The Great War soured DeCasseres quite a bit—“four years of planetary cannibalism”—though he softened some with the subsequent peace, and found himself drawn to Hellenic polytheism. Likely also turning him toward a Romantic worldview was the situation of his own romance. Mary Jones, the woman whom he had been courting by letter for almost two decades—left her husband. Bio, as she preferred to be called, honoring her Native American ancestry, came back to New York and married Benjamin. They stayed together until his death. That year, as well. Benjamin left the employ of the Herald.
For the next couple of years, he was on the staff of the Famous Players-Laskey Corp. And he evolved, as he approached the age of fifty, what he would consider a more mature relationship with the idea of God. “So at last! Artist and Ironist!—that is God! . . . God has nothing to do with human beings except as characters in an eternal serial, an eternal dream-tale, an eternal fabulous drama. Good and evil are art-motives. God is superhuman, inhuman, inhuman. He dreams scenarios, of which we are the puppets. Our agonies and prayers are situations. He is Spinoza’s God, the Eternal Return of Nietzsche, the Oversoul of Emerson, the Unknowable of Spencer, the Mephistopheles of Goethe. He is All—omniscient, omnipotent, omnipresent, eternal creator, eternal playboy, eternal incarnation; the great dramaturge. Arriving at this truth, I was released. I, with the rest of the species, am part of the music, drama, farce and mathematics of the Supreme Artist.”
His connection to the theater continued until 1924, when he once more left New York for a year, moving across the continent to Hollywood, where he was head of the title Department at Universal Pictures. Even so, he continued to write for “Arts and Decorations”—including play reviews—after returning to New York. Some obituaries report that he stopped doing book reviews around this time, but I am not sure that is true: it may just be that he did them at a reduced rate. He went to work for Hearst’s papers, and also started contributing to Mencken’s “American Mercury.” After a quarter century of toil, DeCasseres was not necessarily a household name, but he had a reputation: “America’s arch-rebel.” A joke: DeCasseres’s name put the stress on the second syllable, which rhymed with mass. One wag said, if it wasn’t for the “c,” no one would be confused.
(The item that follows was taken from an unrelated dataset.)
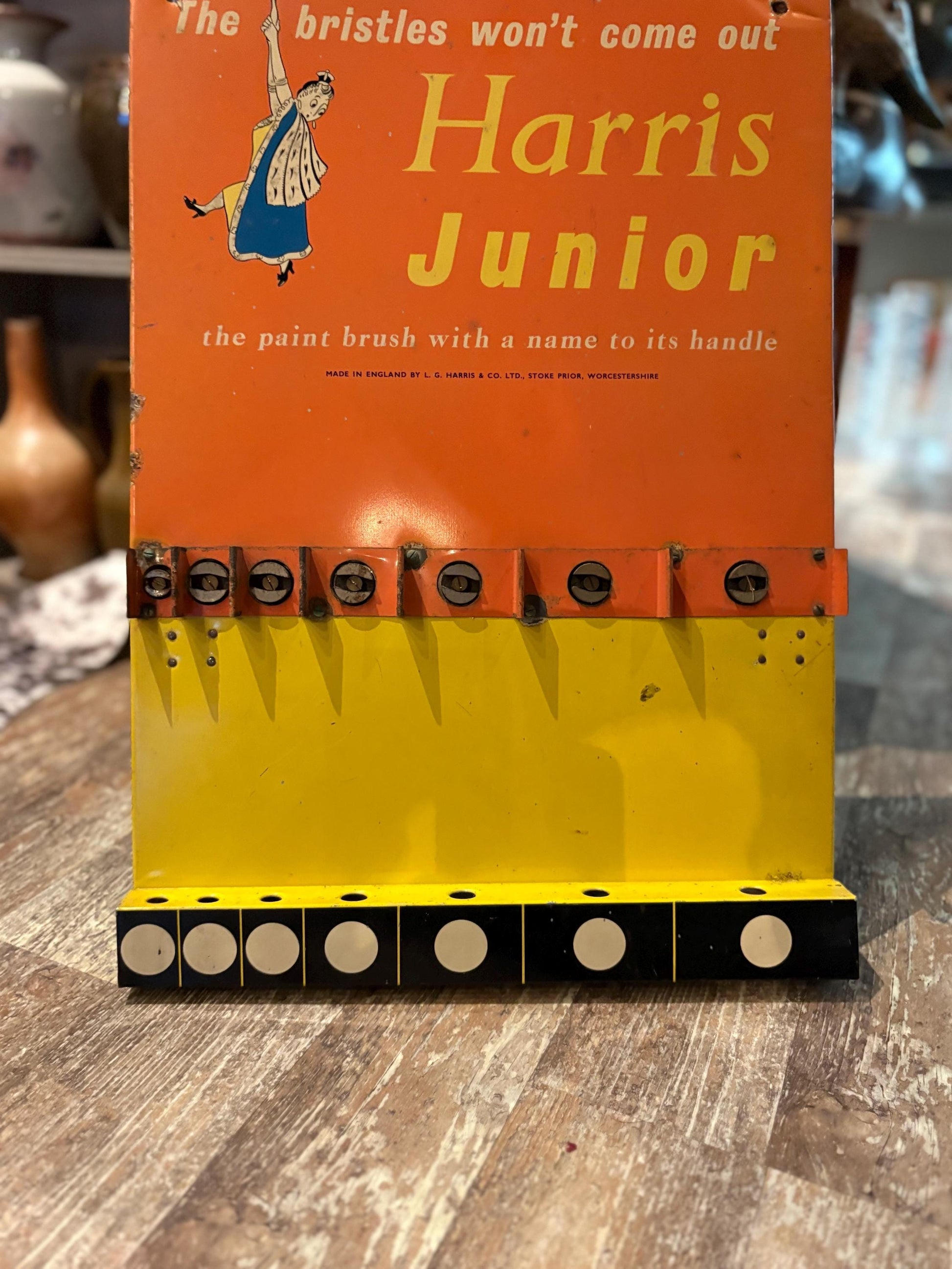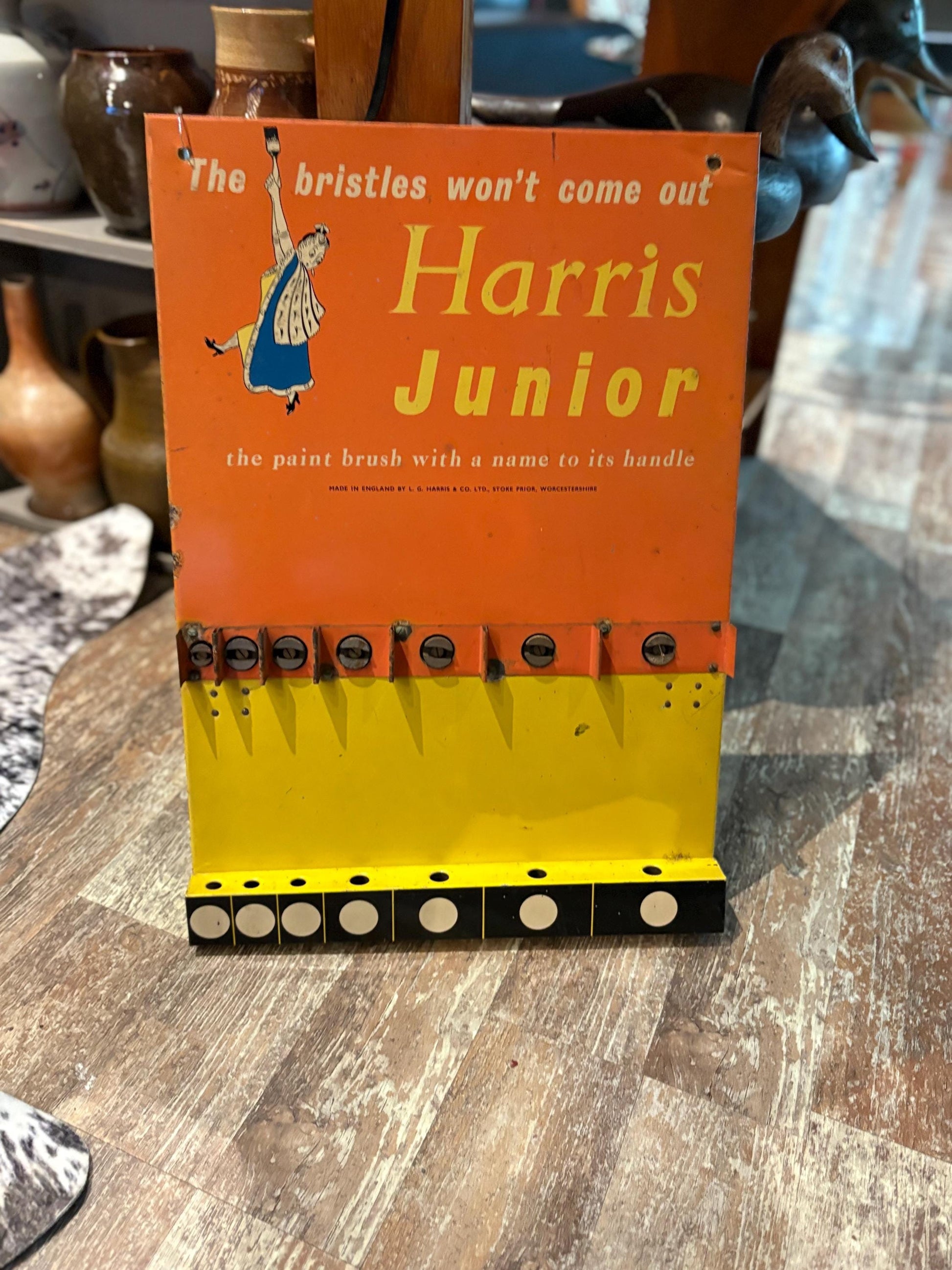 Rare antique Harris Junior paintbrush advertising holder in amazing condition - stand or hang - wonderful imagery - 20 x 13“ wide

He continued to polish his iconoclastic bona fides. He told H. Allen Smith, in 1931, he was going to publish a book arguing that the 1920s were “the most idiotic decade in the history of mankind.” He harrumphed against science and its veneration. He poked at it in public and in private—in 1925, DeCasseres started a journal that he would keep for the rest of his life—some 400,000 words in all. One entry, titled “Proteus,” read, “The atheist-materialist is a fine study in the paradoxes of God. The atheist-materialist finds profound comfort in his disbelief. ‘I am your disbelief too,’ whispers God in his ear. No one can dodge the ruses of the eternal protean Essence.” And another:
“Science the crab—Does Science travel backward? Is its work simply the materialization, the mechanization of the ancient mystics, poets, soothsayers and the ‘nuts’? I believe so.
“Science is always second-hand. It is merely a verifier. A superstition is said to be a false belief. Well, so are all the postulates of science. I am no enemy of science—their fairy-tales are to me the most fascinating in existence; the fairy-tale of the electron, the fairy-tale of the atom, the fairy-tale of the germ, the fairy-tale of history, the fairy-tale of the phonograph, of the radio, of the telephone, of the motion-picture, of the great murder-engines of war, etc.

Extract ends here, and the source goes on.